2. Accounting Policies
2.1. Basis of Preparation of Financial Statements
The financial statements have been prepared under the historical cost convention and in accordance with Financial Reporting Standard 102 section 1A Small Entities "The Financial Reporting Standard applicable in the UK and Republic of Ireland" and the Companies Act 2006.
2.2. Turnover
Turnover is measured at the fair value of the consideration received or receivable, net of discounts and value added taxes. Turnover includes revenue earned from the sale of goods and from the provision of services. Turnover is reduced for estimated customer returns, rebates and other similar allowances.
Sale of goods
Turnover from the sale of goods is recognised when the significant risks and rewards of ownership of the goods have transferred to the buyer, usually on delivery of the goods.
Professional services
Turnover from the provision of professional services for surveying,installation and configuration work is recognised when the customer confirms that the work has been completed satisfactorily. Where the company's consultants provide ongoing support under maintenance contracts, turnover is recognised on a percentage completion basis, taking into account the actual and projected costs of fulfilling the contract.

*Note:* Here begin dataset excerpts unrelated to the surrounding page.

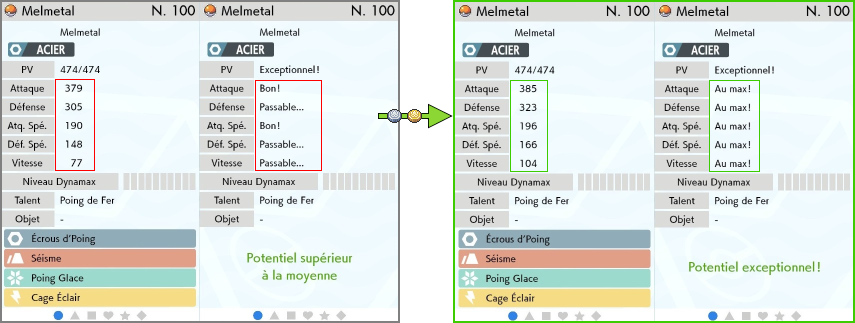 Les statistiques sont augmentées de manière "artificielle" : durant n'importe quel combat, cela agira comme si votre Pokémon avait son ou ses IV à 31. Mais les IV de base du Pokémon sont conservés et ce sont ces IV de base qui sont transmis durant la reproduction par exemple.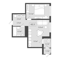 Студия, 43 м²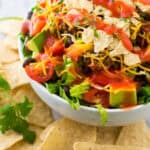An easy, delicious taco salad that takes just 20 minutes and is a classic! It's a hearty salad loaded with fresh, creamy avocados, healthy black beans, lean ground beef, lots of crispy romaine lettuce, and a healthy serving of cheddar cheese.Taco salads are perfect for summer barbecues and picnics!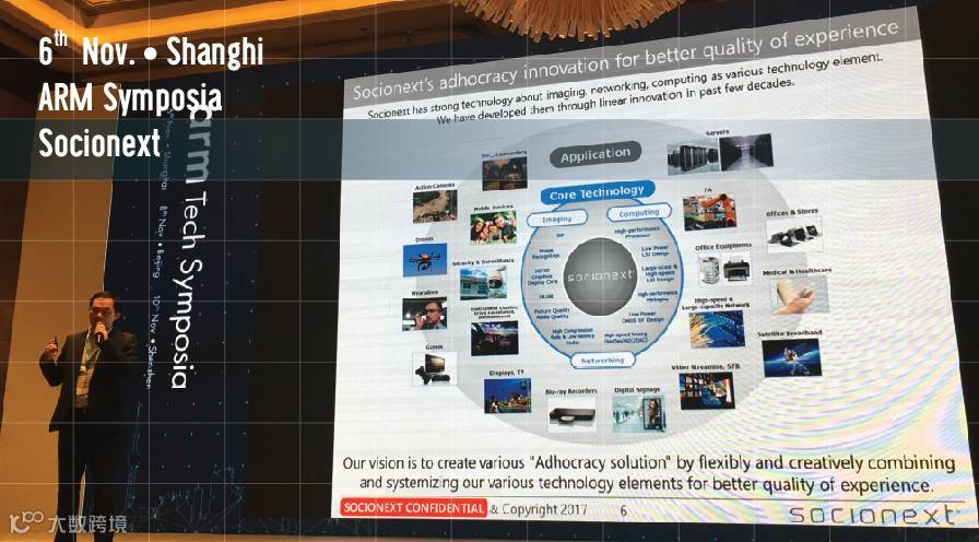在下午Next Generation Processing分会场,Socionext市场部高级经理 Alex Chen带来了主题为Variety of ARM Solutions by Socionext 的演讲报告。作为一家为全球客户设计、开发及提供片上系统芯片(System-on-Chip)产品的创新型企业,我们专注于影像成像、网络、计算机及其他尖端技术的发展及其应用的推动,集结世界第一流的专业知识、经验与丰富的IP产品组合,致力于提供更具效益的解决方案并提升用户体验。

2.3. Tangible Fixed Assets and Depreciation
Tangible fixed assets are measured at cost less accumulated depreciation and any accumulated impairment losses. Depreciation is provided at rates calculated to write off the cost of the fixed assets, less their estimated residual value, over their expected useful lives on the following bases:
Leasehold 5 years straight line basis
Plant & Machinery 3 years straight line basis
Motor Vehicles 2 years straight line basis
Fixtures & Fittings 3 years straight line basis
Computer Equipment 3 years straight line basis
2.4. Stocks and Work in Progress
Stocks and work in progress are valued at the lower of cost and net realisable value after making due allowance for obsolete and slow-moving stocks. Cost includes all direct costs and an appropriate proportion of fixed and variable overheads. Work-in-progress is reflected in the accounts on a contract by contract basis by recording turnover and related costs as contract activity progresses.
2.5. Foreign Currencies
Monetary assets and liabilities in foreign currencies are translated into sterling at the rates of exchange ruling at the balance sheet date. Transactions in foreign currencies are translated into sterling at the rate ruling on the date of the transaction. Exchange differences are taken into account in arriving at the operating profit.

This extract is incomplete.